Thank you very much.
Thank you. Thank you. So on that note, that leads us into concluding remarks, and thank you for your attention during these three hours in the afternoon. We much appreciate that. So to wrap this up then, Egetis Therapeutics, a company focusing on late-stage development for registration in the orphan drug space with the ability to commercialize in Europe and US. The ambition from a strategic perspective is to build a sustainable rare disease company by bringing unique therapies to patients with rare disease that improves and extends life. I think here we have made really good strides, especially as illustrated here on this slide, in delivering upon our strategy with a couple of key transformative milestones communicated over the last two months. First, the submission to the European Medicines Agency for our lead candidate, Emcitate, as the potential first treatment for the devastating condition, MCT8 deficiency.
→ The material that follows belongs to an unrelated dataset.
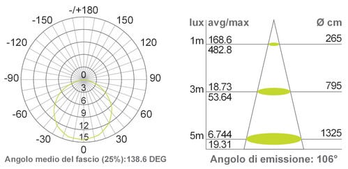 ** Caratteristiche Generali ** Applicazione: Per illuminazione Tempo di vita L70B50: 20000h Numero cicli di accensione: 10000 cicli Fattore di sopravvivenza: 0.9 Tipo nastro: Monocolore Colore Supporto: Bianco Tipo di led: smd 3056 n. Led al metro: 72 led/m Lunghezza max in cascata: 50m Rischio fotobiologico: Esente ** Caratteristiche di Illuminazione ** Colore: Bianco freddo Flusso Nastro Led: 1075lm/m Flusso @ 50cm: 535lm CRI: 80 Angolo di emissione: 110° Warm-up (60%): 0.1s Fattore mantenimento flusso: 0.96 Uniformità colore (SDCM): 6 ** Caratteristiche Elettriche ** Classe energetica: F Potenza Nastro Led: 14W/m Potenza 50cm: 7W Potenza unità minima: 2.324W Fattore di potenza PF: 0.9 Fattore di sfasamento DF: 0.9 Tens. funzionamento AC: 230Vac Tolleranza d'ingresso: ±10% Frequenza: 50Hz Dimmerabile: no ** Caratteristiche Sorgente Luminosa ** Temp. Colore: 6000K ** Caratteristiche Meccaniche ** Lunghezza nastro: 5m N. Led/taglio: 12 Lunghezza taglio minima: 166mm Larghezza: 15mm Spessore: 6.5mm Altezza: 6mm Grado di protezione: IP65 Resistenza agli urti: IK08 Tipo di protezione: Tubo siliconico Connessioni: Cavo libero ** Caratteristiche Termiche ** Temp. di funzionamento: -10 / 40°C La striscia deve essere collegata direttamente alla rete 230V 50Hz. Proteggere l'ingresso tramite fusibile. Si raccomanda l’installazione in posizione inaccessibile a persone o animali. Accessori inclusi: 2 Clip/m

We secured long-term financing, making sure that we can continue to invest in our development programs and preparing for the commercial opportunity at the point of market approval. Furthermore, as part of our strategy in broadening the access to patients outside Europe and U.S., we have signed our first license agreement for the development and commercialization of MCT8 for MCT8 deficiency in Japan. So in that sense, to summarize where we stand, being a newly created company, and newly within caveats, since we've been established for three years now, we are really believe that we are somewhat flying under the radar. We are developing the first therapy for the devastating genetic disorder of MCT8 deficiency. A key enabler for that, both now and going forward, is-...
Building a strong team, and as you've heard, with a strong track record and proven experience in developing rare disease treatments, get them registered, and being able to commercialize them. For Emcitate, as you've heard Dr. Bauer elaborate on, we have very strong and consistent data for Emcitate in the clinical trial setting, demonstrating significant effects on key clinical outcomes. This is, of course, as well supported by a very strong mechanistic rationale and also data from the preclinical setting. We believe that we have a high likelihood of reaching our first approval in 2024. The asset is being de-risked in the sense that it's already passed most of the typical drug development risk with the submission to the EMA and the pivotal study ReTRIACt ongoing, that we hope to conclude sooner rather than later, leading up to a submission in the US as well.
You heard the commercial team, Henrik, Anny, Nigel, and Peter, elaborate further on the market opportunity or the commercial opportunity for Emcitate in this setting. Premium priced orphan drugs, disease awareness are bearing fruit, enables us to identify further patients potentially being eligible for our treatment, and also verified by continuous expansion of our managed access program, which of course, in addition to that, confirms the unmet medical need. From a financing standpoint, last but not least, I think it's important to recognize that for the long-term sustainability from a financial perspective, we also are eligible for a priority review voucher at the point of a U.S. approval, which can be sold and, of course, will rather generate further income to actually maximize the launch post-approval. So on that note, thank you very much for your attention, and incredibly great to host this Investor Day. Thank you.